Characterization of three Akt isoforms. A, Single rod photoreceptor cell PCR for all three Akt isoforms and β-PDE. Mouse tail genomic DNA served as a control to rule out genomic DNA contamination, and β-PDE was used as a control for the quality of the single-cell cDNA. Results from three single rod photoreceptor cell cDNAs are presented. Akt2, Akt3, and β-PDE were found in all five preparations, and Akt1 was found in three. B, Immunolocalization of Akt1, Akt2, and Akt3 in dissociated ROS (green). Bovine ROS were prepared on glass slides as described in Materials and Methods.
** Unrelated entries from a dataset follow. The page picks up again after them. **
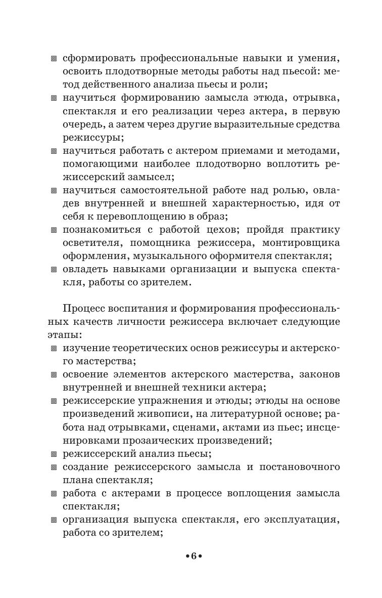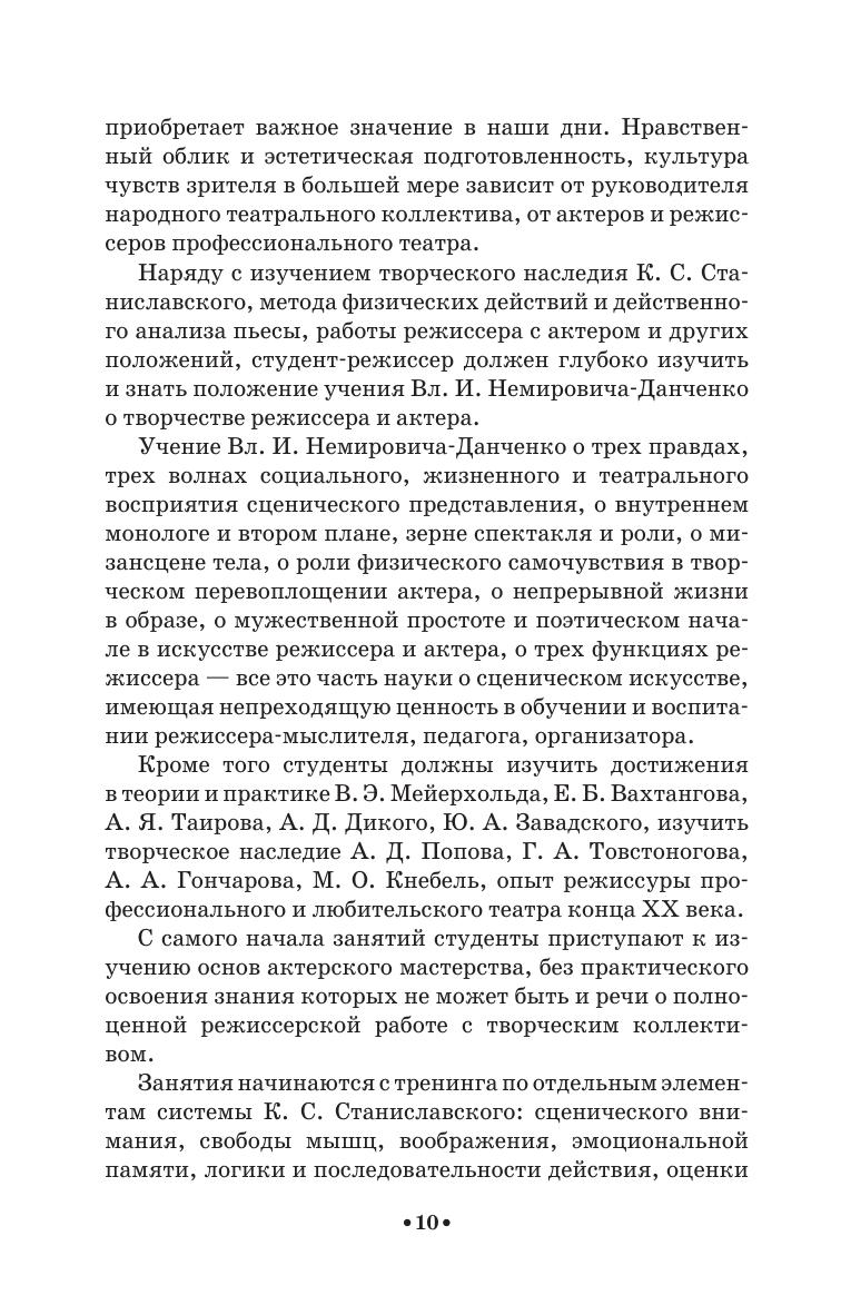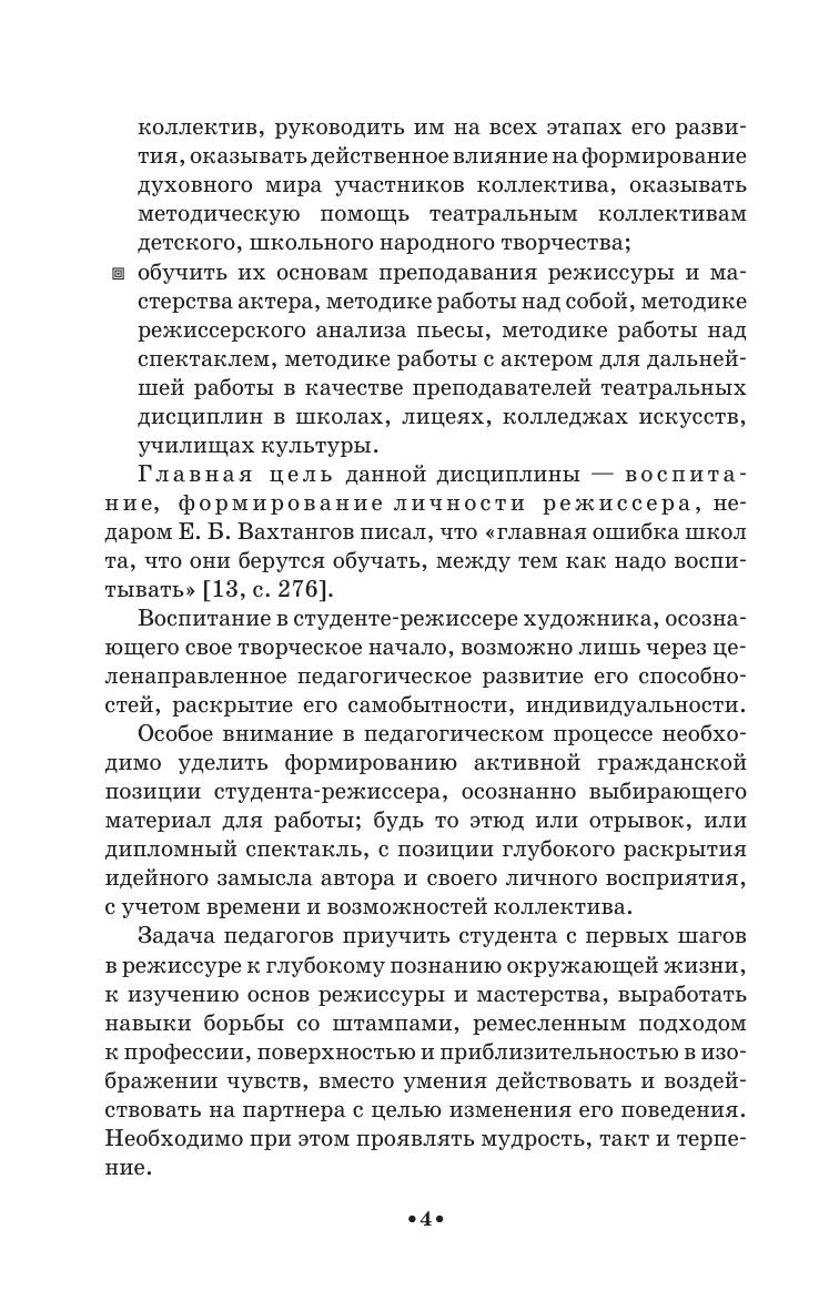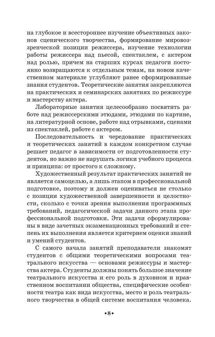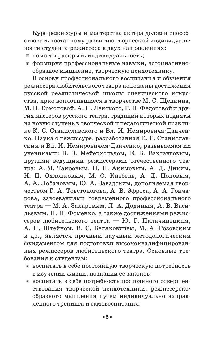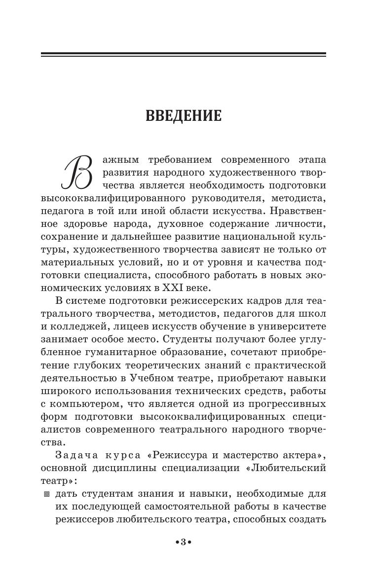 Учебное пособие представляет собой авторскую программу, рассчитанную на пятилетний срок очной формы обучения по специальности «Народное художественное творчество» (специализация: «Любительский театр, режиссёр самодеятельного театрального коллектива»). Работа включает в себя методические требования по дисциплинам «Режиссура» и «Мастерство актёра» за каждый курс, задачи и цели обучения, примерный учебный план по курсам. Для каждого семестра предложен тематический план, содержание учебных тем, планы практических и индивидуальных занятий, примерная тематика вопросов к экзаменам и зачётам, контрольные вопросы, основная и дополнительная литература в конце каждого года обучения.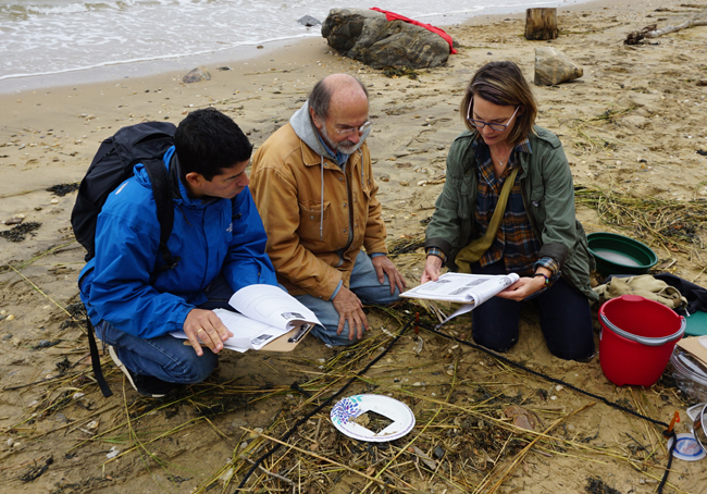 One of 2019’s Mentor Teachers, Hildur Palsdottir (far right), doing a plot activity with workshop attendees to study microplastics at the beach in Sands Point, NY. The workshop was lead by Palsdottir and fellow Mentor Teacher Leah Master (not pictured), who gave hands-on lessons on coastal erosion. Credit: Jimena Beatriz Perez-Viscasillas/LISS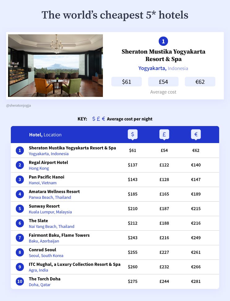*The infographics showcase rounded-up hotel prices to the nearest 1 (£/€/$).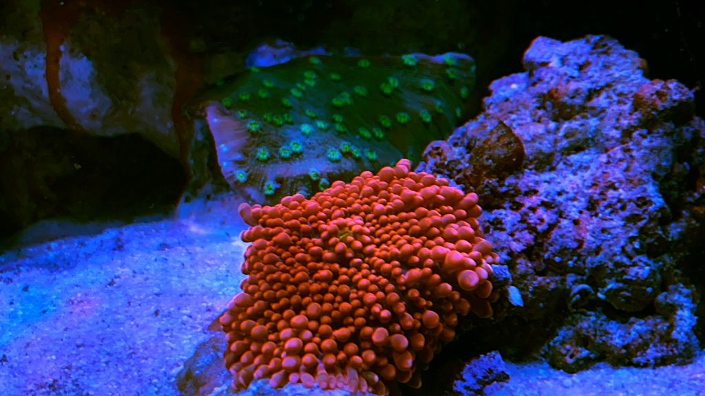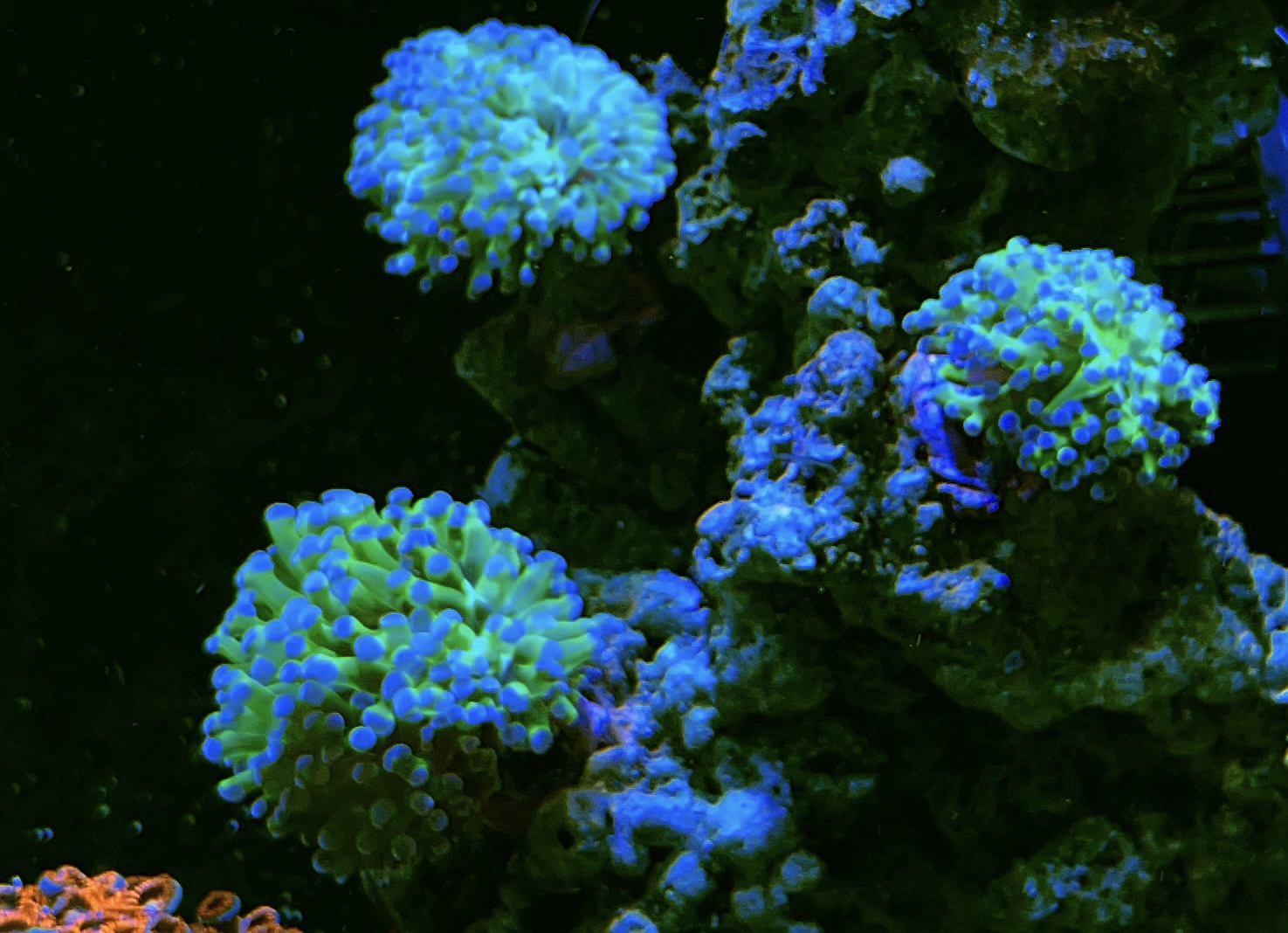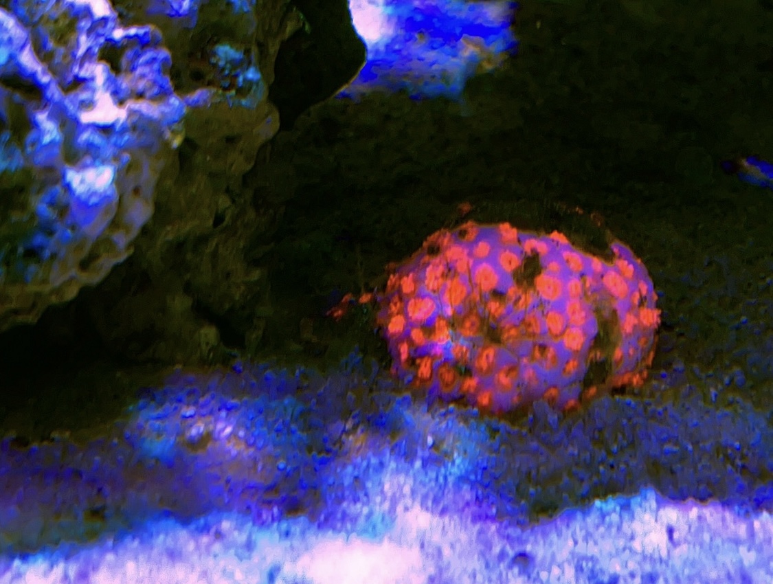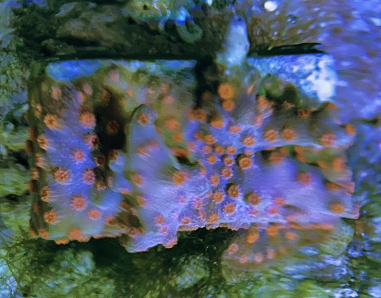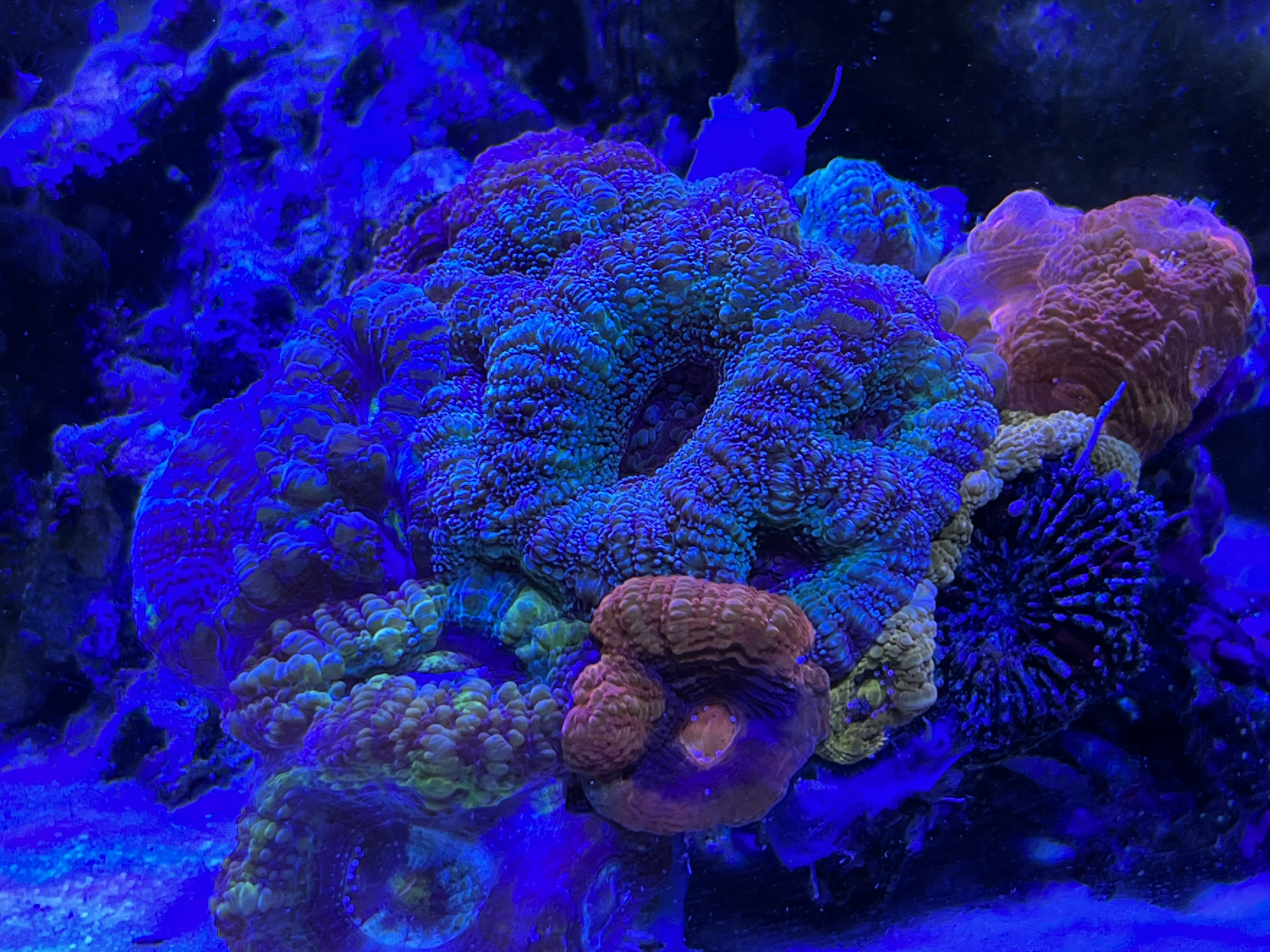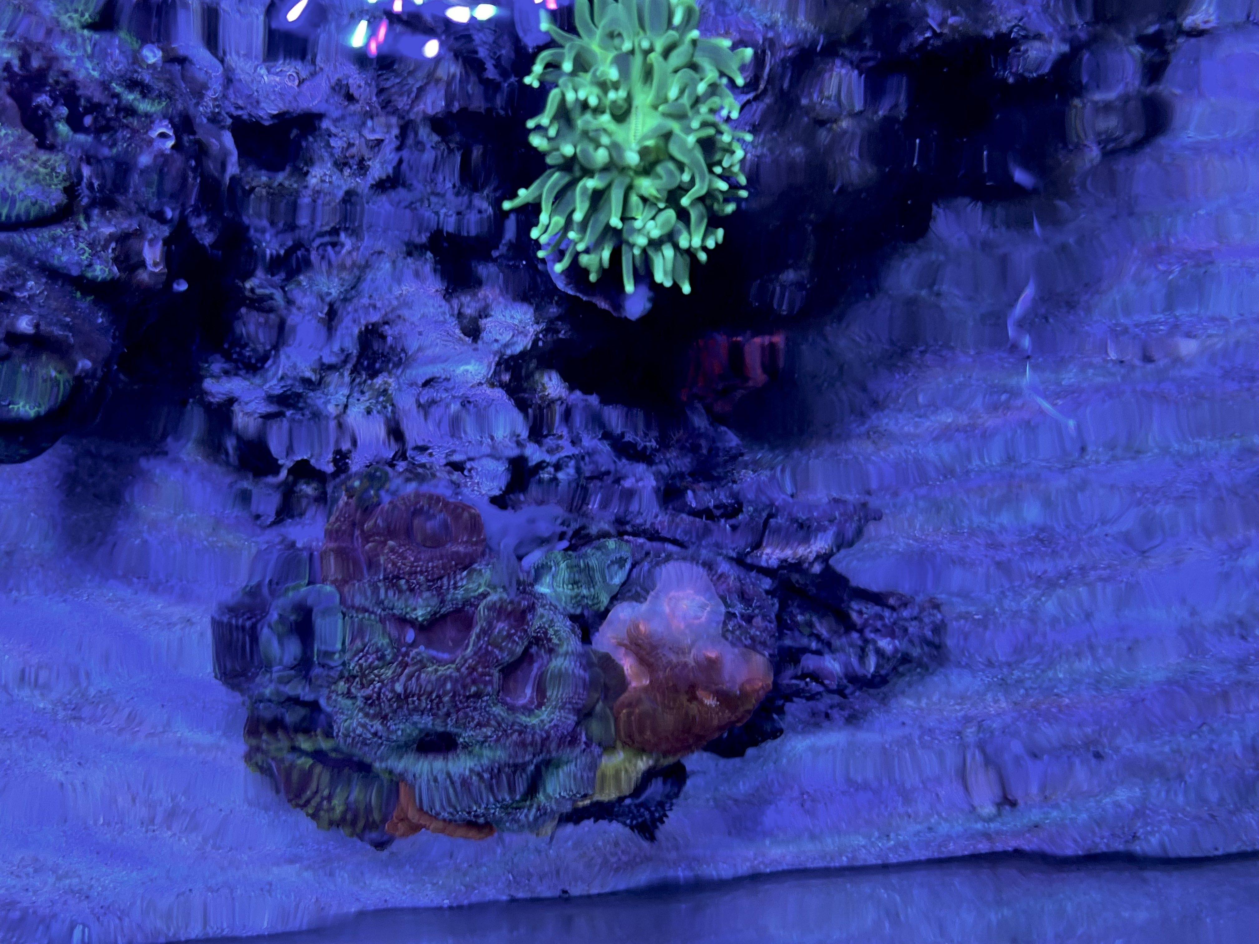 Homophyllia klumpen overvejer jeg at skille lidt ad. Den nederste gule er pænt “træt” kan man se….. Jeg giver dem lige lidt tid og hvis den ikke retter sig så må jeg igang m hammer og mejsel 👍🏼

Immunolabeling with opsin (red) was used to identify ROS. The colocalization of Akt and opsin (yellow) clearly demonstrates the presence of all three Akt isoforms in rod photoreceptors. We used normal rabbit IgG (Akt2 and Akt3) and goat IgG (Akt1) as controls for primary antibodies. All images were obtained using the same exposure condition and time, which were determined by imaging the control sections until no signal could be obtained.

Figure 2.

Akt2 expression in the retina of adult mice. A, PCR genotyping of progeny: the WT band and the targeted bands are 163 and 277 bp, respectively. B, RT-PCR assays of the Akt2 KO and WT mice show that mRNA for Akt1 and Akt3, but not for Akt2, is expressed in the KO mice, with the product sizes of 580, 249, and 289 bp for Akt1, Akt2, and Akt3, respectively. C, Western blots of retina lysates (30 μg) from 8-week-old WT, HET, and KO mice separated by 10% SDS-PAGE gels show the absence of Akt2 protein in the Akt2 KO retinas. Actin was used as a loading control.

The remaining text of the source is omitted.